← Blog·Getting Started9 minApr 7, 2026

How to Start a Card Selling Business in 2026

Every card dealer started the same way: they had cards, someone wanted to buy them, and they realized they could do this more often. The difference between a hobby seller and a business is structure. Here's how to build that structure.

Start With What You Know

If you collect Pokémon, sell Pokémon. If you follow basketball, sell basketball cards. Product knowledge is your biggest advantage. You know which cards are underpriced, which sets are about to rotate, and which rookies have upside. Don't spread yourself thin across every category — specialize first, diversify later.

Source Your Inventory

Your personal collection is your first inventory, but it runs out. After that, you need sourcing channels. Buy collections from local sellers on Facebook Marketplace and Craigslist. Hit up estate sales and garage sales. Buy bulk lots on eBay at wholesale prices. Attend card shows as a buyer before you attend as a vendor. Build relationships with other dealers who might sell you their slow-moving inventory at a discount.

Set Up Your Shops

Start with one platform and expand. TCGPlayer is the easiest for TCG singles — the listing process is fast and the buyer base is built in. eBay is essential for sports cards, slabs, and higher-value items. Once you're comfortable, add Whatnot for live selling and Facebook groups for community sales.

Price Competitively

Check TCGPlayer market price and eBay sold listings before pricing anything. Your price should be competitive with the current market — not what the card was worth six months ago. The card market moves fast, and stale pricing means stale inventory.
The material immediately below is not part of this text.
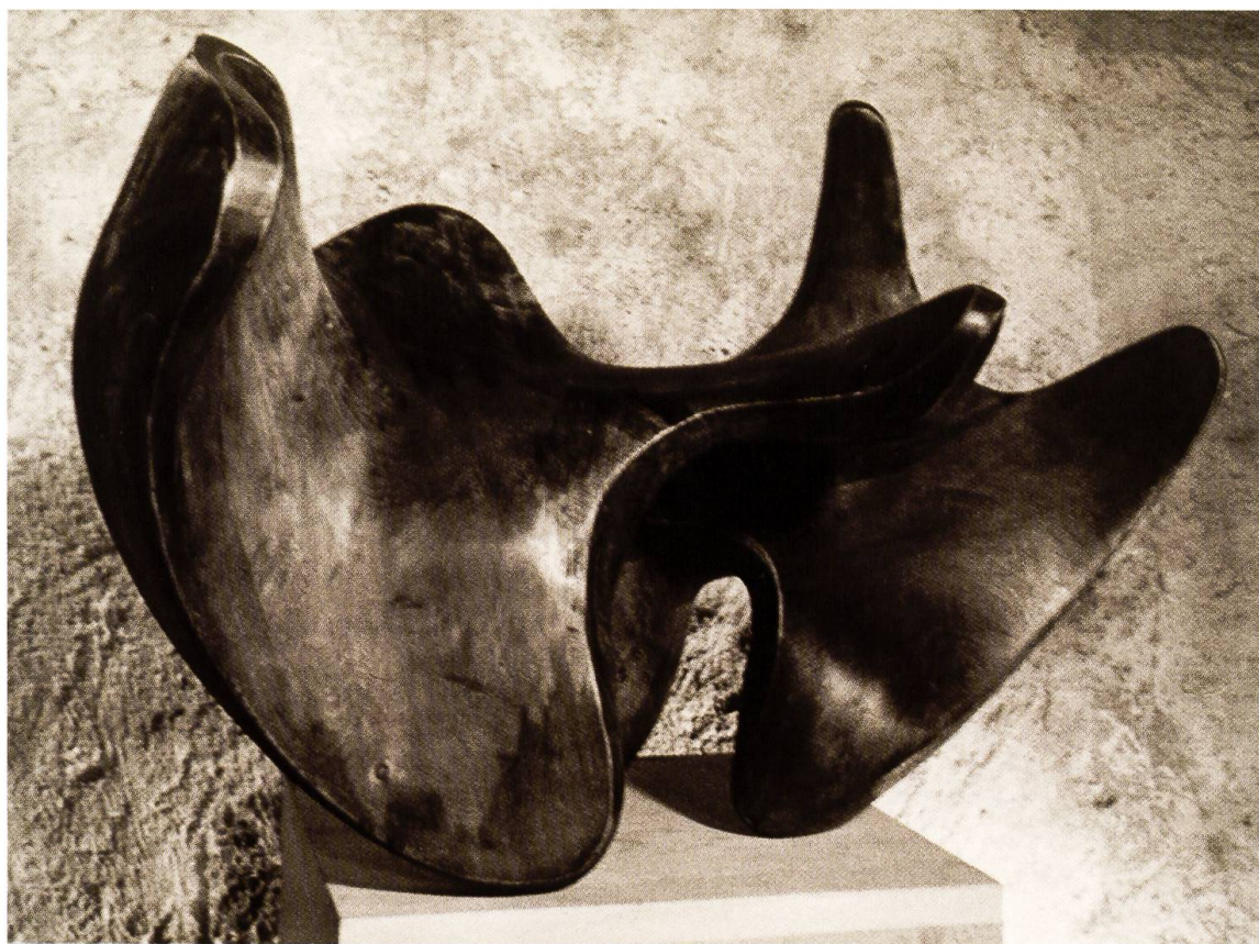
Garuda, 1976-1977, cembro, 48 x 74 x 40 cm

Tra il 1965 ed il 1975 si collocano principalmente le sculture che s'ispirano direttamente alle forme naturali delle radici e dei ceppi, all'inizio con qualche ammiccamento al figurativo, che però presto cede ad un astrattismo organico. Il Trovatello del 1970 ne è un bell'esempio: non presenta una veduta preferenziale, non ha neppure un sopra e un sotto; sembra argento vivo che ha la facoltà di mutare il proprio volume materiale in mille forme. Si potrebbe pensare che questa scultura funzionerebbe altrettanto bene se fosse realizzata con un altro materiale, ma ci si rende subito conto che la relativa morbidezza (rispetto alla pietra o al metallo) e la variegata colorazione del legno sono parte integrante della qualità ricca di molteplici aspetti. In Trovatello prevalgono le rotondità e il corpo è flessuoso e privo di spigoli; in Omphalos – del 1973 – le linee iniziano invece ad essere importanti, modulandone la forma. Questa scultura che l'artista fece fondere in bronzo precede le opere prodotte dopo il 1975 per l'accurato equilibrio formale. Come tante altre sculture di quel periodo, Tritoni , del 1972/75, gioca sull'equilibrio tra forme tondeggianti e forme spigolose. Le sculture della prima fase lavorativa hanno tutte in comune l'appartenenza ad un mondo espressivo primordiale ed anarchico. Sono sculture dinamiche e forti, capaci di far vibrare lo spazio intorno ad esse.

Price to sell, not to hold.

Set Up Payments

Create accounts on PayPal, Venmo, Cash App, and Zelle. Get a Square reader for in-person sales. Put all your payment methods on your mybadge profile so buyers can find them in one place. The fewer friction points between "I want to buy this" and "money sent," the more sales you close.

Build Your Brand

Pick a name, create an Instagram account, and start posting. Show your inventory, your pulls, your shipping process. Be consistent — post at least a few times a week. Your Instagram account is your storefront window. Your mybadge profile is your business card. Together they create a professional presence that separates you from casual sellers.

Track Everything

From day one, track what you buy, what you sell, and what you make. A simple spreadsheet works. Record the purchase price, selling price, platform fees, and shipping costs for every transaction. This data tells you which products are actually profitable and which are eating your margins. It also matters when tax season comes around.

Collect Reviews

After every sale, ask for a review. Your mybadge profile accumulates reviews that any buyer can see — not locked behind eBay or TCGPlayer. A seller with 50 five-star reviews on their badge closes deals that a seller with zero reviews can't. Start collecting from sale one.

You don't need to quit your job or rent a retail space. Start small, stay consistent, and reinvest your profits into better inventory. The card-selling business rewards people who show up every day.